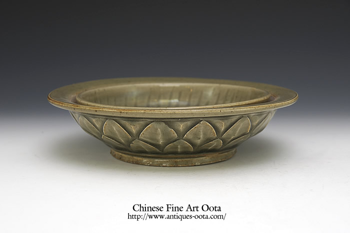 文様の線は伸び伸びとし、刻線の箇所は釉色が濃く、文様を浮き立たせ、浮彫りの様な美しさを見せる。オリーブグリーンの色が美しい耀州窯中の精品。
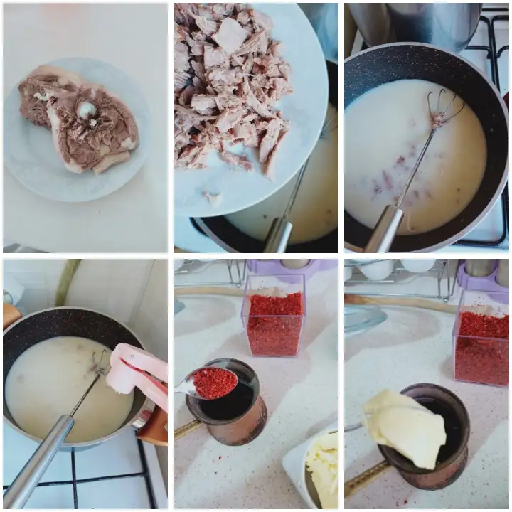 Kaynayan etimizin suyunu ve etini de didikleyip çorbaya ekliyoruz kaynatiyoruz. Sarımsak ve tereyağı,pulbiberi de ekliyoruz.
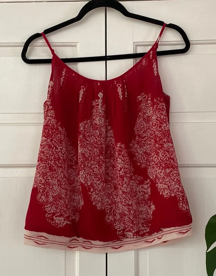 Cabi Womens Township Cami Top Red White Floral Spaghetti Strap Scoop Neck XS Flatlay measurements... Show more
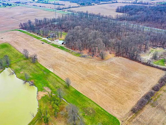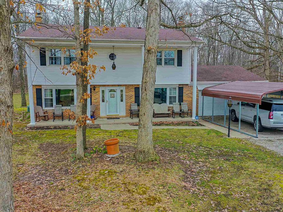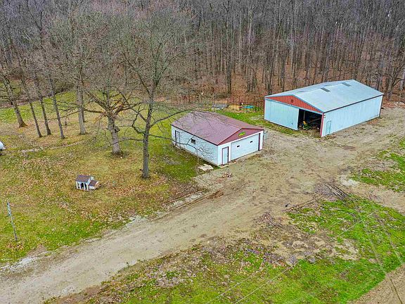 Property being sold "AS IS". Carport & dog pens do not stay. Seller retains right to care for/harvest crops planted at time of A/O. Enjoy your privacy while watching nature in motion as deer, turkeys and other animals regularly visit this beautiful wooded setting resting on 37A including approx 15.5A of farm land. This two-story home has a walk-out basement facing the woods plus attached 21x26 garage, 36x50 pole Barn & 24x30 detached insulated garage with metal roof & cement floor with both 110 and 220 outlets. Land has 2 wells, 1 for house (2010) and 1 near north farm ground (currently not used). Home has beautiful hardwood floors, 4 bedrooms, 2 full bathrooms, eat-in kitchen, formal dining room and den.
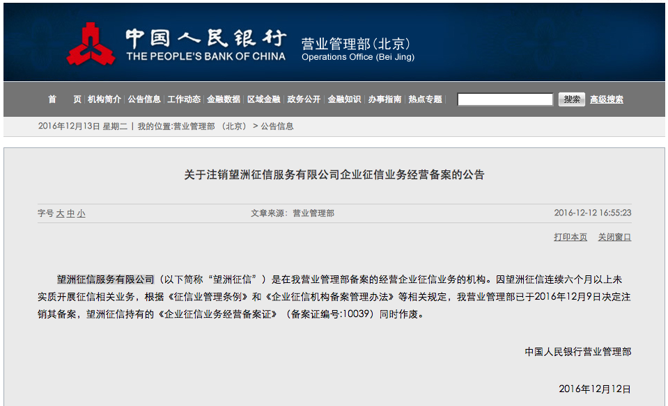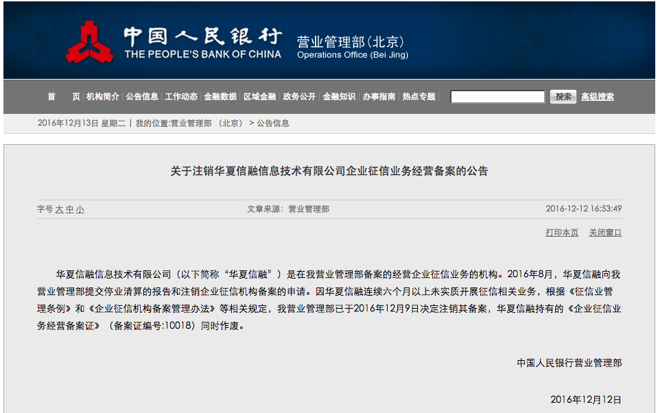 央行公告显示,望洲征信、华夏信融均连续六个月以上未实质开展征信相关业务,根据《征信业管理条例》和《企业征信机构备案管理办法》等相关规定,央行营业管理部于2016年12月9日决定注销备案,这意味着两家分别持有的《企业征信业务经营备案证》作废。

## AIM OF THE EXERCISE
What is needed is an exact copy of the lines above from the one with "Kaynayan etimizin suyunu" to the one with "Cabi Womens Township", both ends kept, and nothing more; please leave the pictures out.

## SOLUTION
 Kaynayan etimizin suyunu ve etini de didikleyip çorbaya ekliyoruz kaynatiyoruz. Sarımsak ve tereyağı,pulbiberi de ekliyoruz.
 Cabi Womens Township Cami Top Red White Floral Spaghetti Strap Scoop Neck XS Flatlay measurements... Show more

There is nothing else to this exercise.